Hukum Membedah Cadaver dalam Islam

Bagi mahasiswa kedokteran, praktik cadaver atau bedah anatomi merupakan pekerjaan yang sudah lazim dilakukan sebagai objek belajar. Permasalahan ini menjadi menarik untuk dibahas melihat dari betapa besarnya penghormatan Islam terhadap jenazah manusia. Lantas, bagaimanakah hukum membedah cadaver dalam Islam?

Pada prinsipnya, praktik apa pun yang dapat menyakiti terhadap jenazah manusia selain pemakaman tidak diperbolehkan. Hal ini, menunjukkan betapa besarnya penghormatan Islam terhadap manusia, baik ketika hidup, maupun sesudah wafat sebagaimana isyarat Surat Al-Isra ayat 70 berikut,

وَلَقَدْ كَرَّمْنَا بَنِيْٓ اٰدَمَ وَحَمَلْنٰهُمْ فِى الْبَرِّ وَالْبَحْرِ وَرَزَقْنٰهُمْ مِّنَ الطَّيِّبٰتِ وَفَضَّلْنٰهُمْ عَلٰى كَثِيْرٍ مِّمَّنْ خَلَقْنَا تَفْضِيْلًا

Artinya : “Dan sungguh, Kami telah memuliakan anak cucu Adam, dan Kami angkut mereka di darat dan di laut, dan Kami beri mereka rezeki dari yang baik-baik dan Kami lebihkan mereka di atas banyak makhluk yang Kami ciptakan dengan kelebihan yang sempurna.”

Selain itu, disebutkan juga dalam hadits riwayat Abu Dawud keterangan bahwa pematahan tulang jenazah disamakan dengan pematahan tulangnya ketika masih dalam kondisi hidup.

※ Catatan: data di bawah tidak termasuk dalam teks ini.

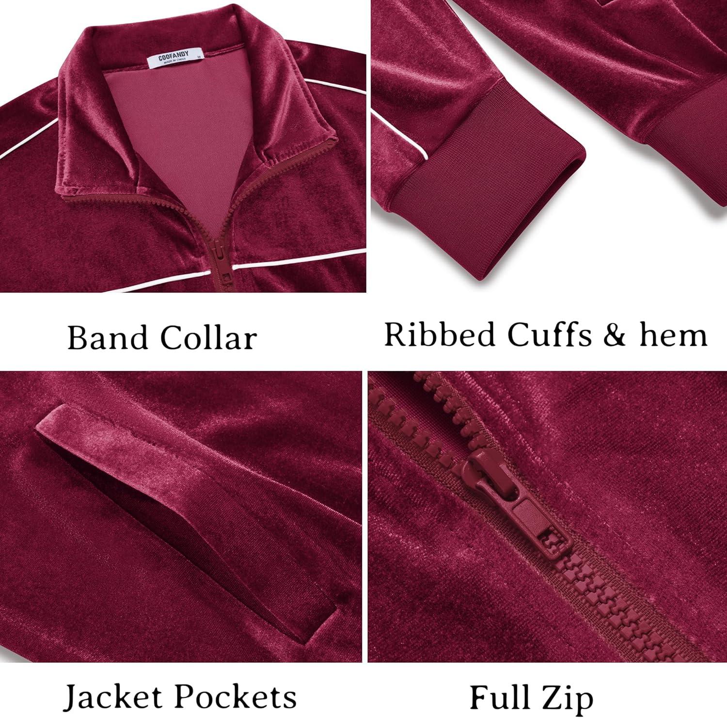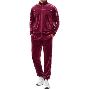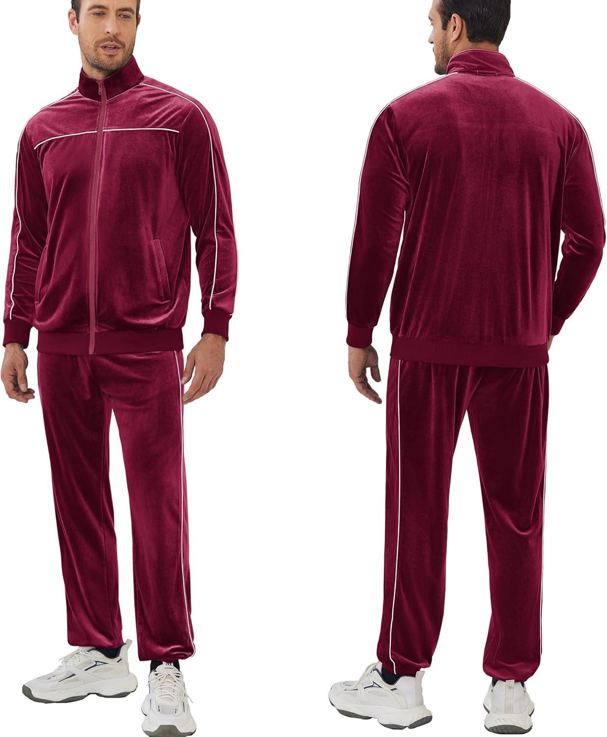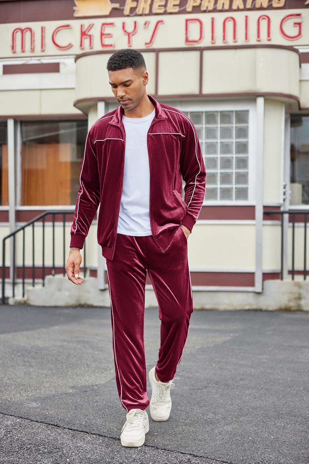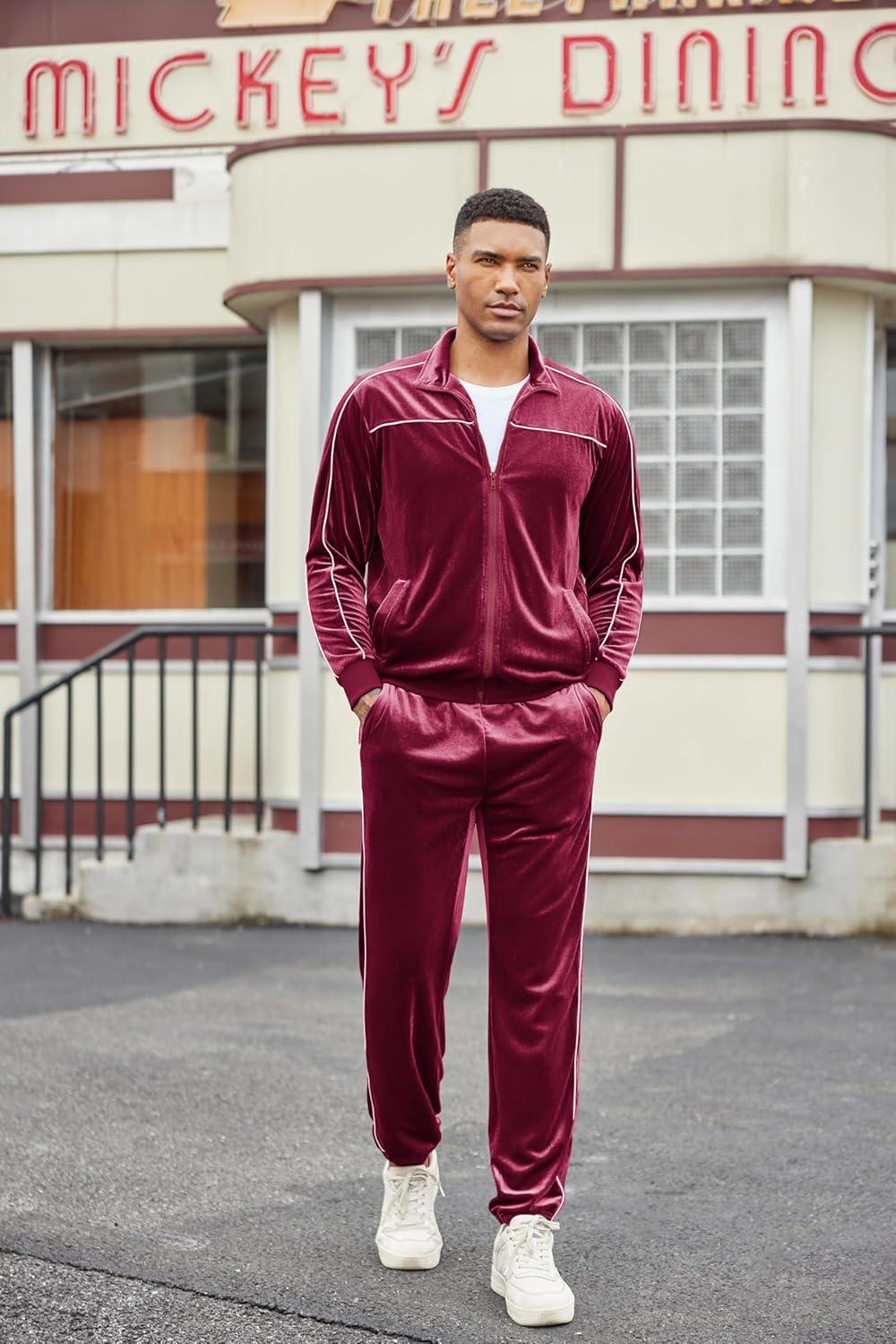 COOFANDY Mens Velour Tracksuits 2 Piece Set Outfits Zip Up Sweatsuits Velvet Jacket Pants Set(Wine Red)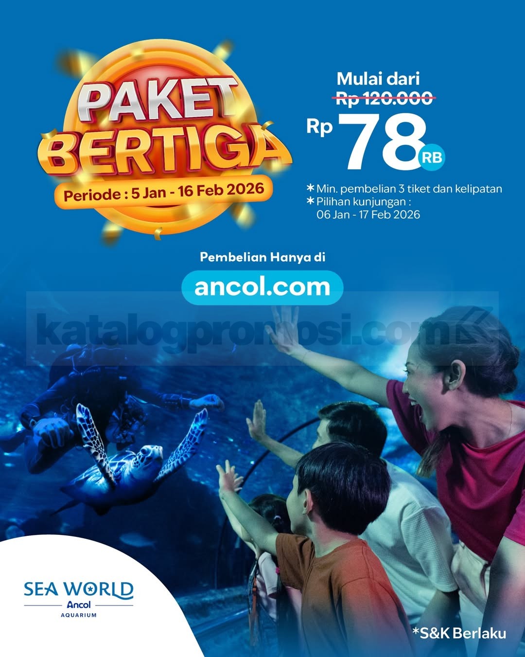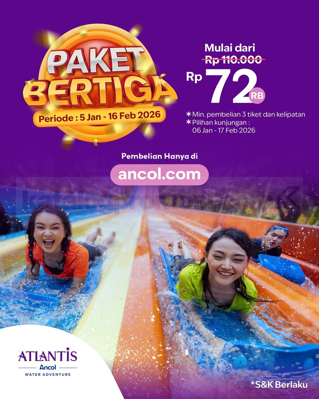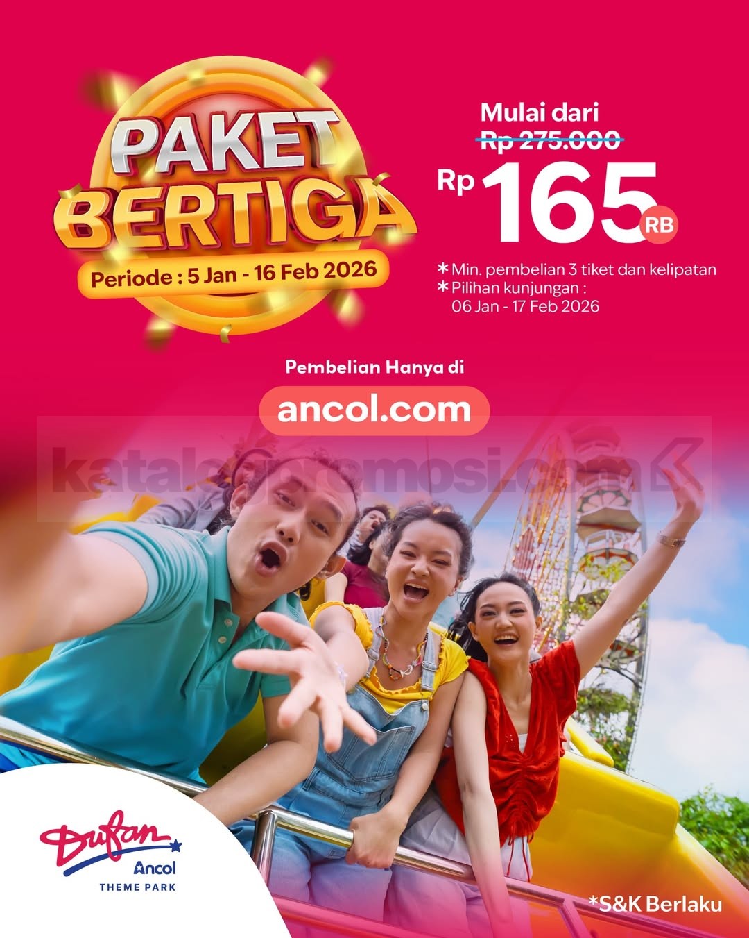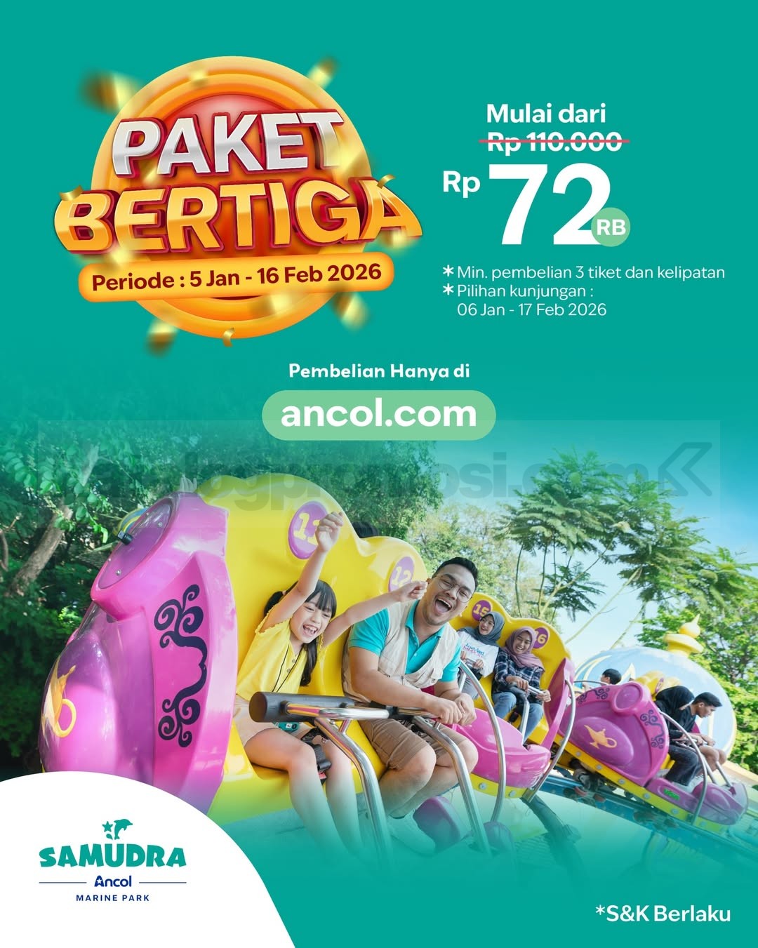 Program Promo Ancol Paket Bertiga berlangsung mulai 5 Januari 2026 sampai 16 Februari 2026, dengan pilihan tanggal kunjungan mulai 6 Januari 2026 hingga 17 Februari 2026.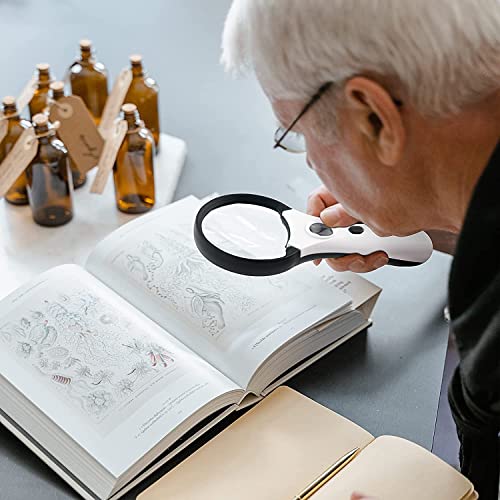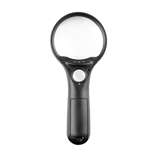 MAGNIFICATORE ILLUMINATO A PORTATA DI MANO: Luce bianca + luce UV, aiuta a leggere i caratteri piccoli e altri lavori di dettaglio. Prodotto a doppia lente per hobby come il collezionismo di francobolli, il lavoro sui circuiti elettrici e la ricerca di guasti e il lavoro ravvicinato in generale.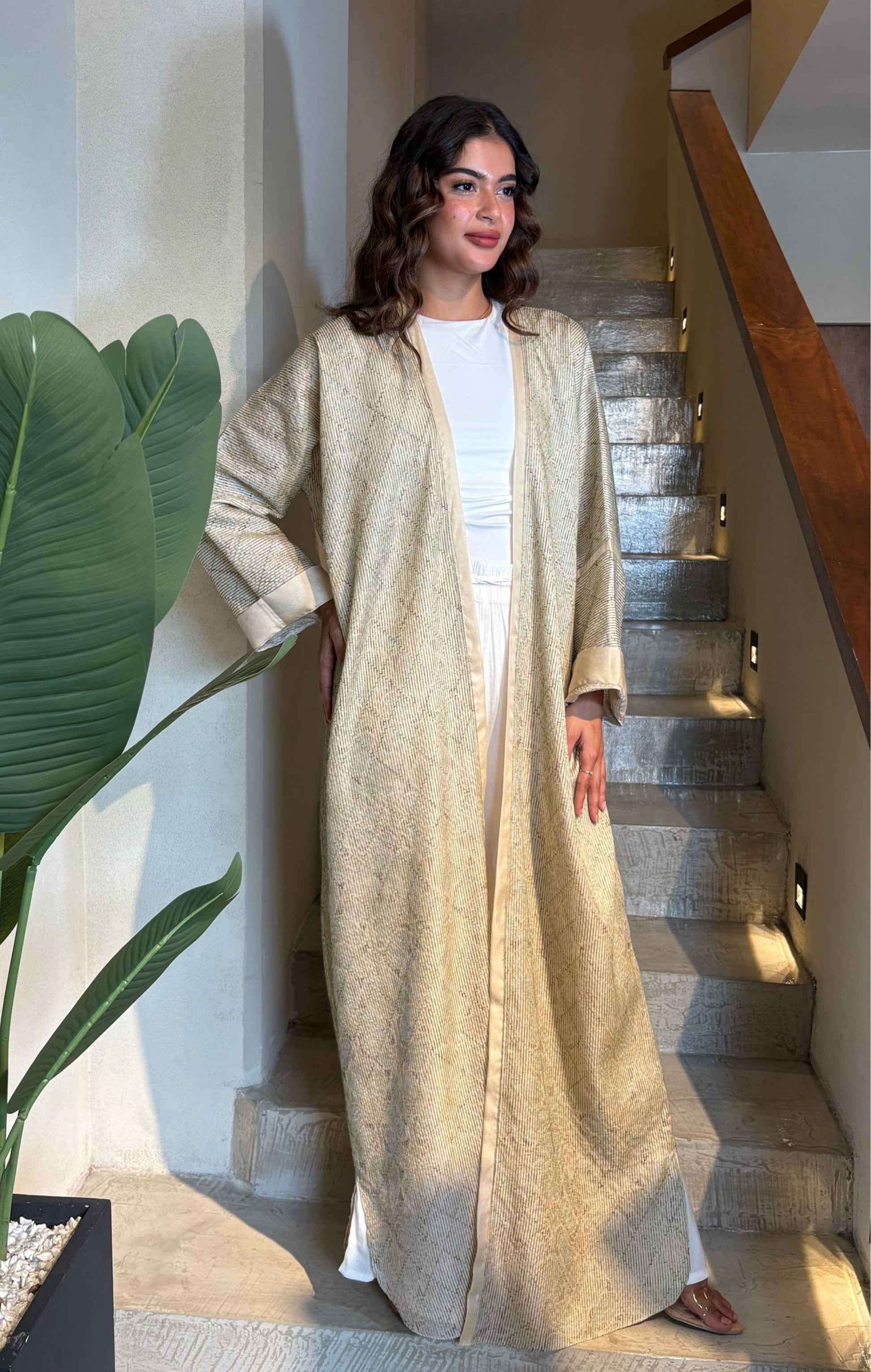 A timeless piece designed for modern women who value both style and modesty. Crafted in a soft golden-beige tone with subtle textured detailing, this abaya captures understated luxury. Its smooth finish and elegant trims make it perfect for evening gatherings, formal occasions, or chic daytime wear.

Sebagaimana dalam keterangan berikut ini,

وَعَنْ عَائِشَةَ رَضِيَ اَللَّهُ عَنْهَا أَنَّ رَسُولَ اَللَّهِ صلى الله عليه وسلم قَالَ: كَسْرُ عَظْمِ الْمَيِّتِ كَكَسْرِهِ حَيًّا رَوَاهُ أَبُو دَاوُدَ بِإِسْنَادٍ عَلَى شَرْطِ مُسْلِم

Artinya:  “Dari Aisyah RA, Rasulullah SAW bersabda, ‘Pematahan tulang jenazah seperti pematahan tulangnya ketika ia hidup.”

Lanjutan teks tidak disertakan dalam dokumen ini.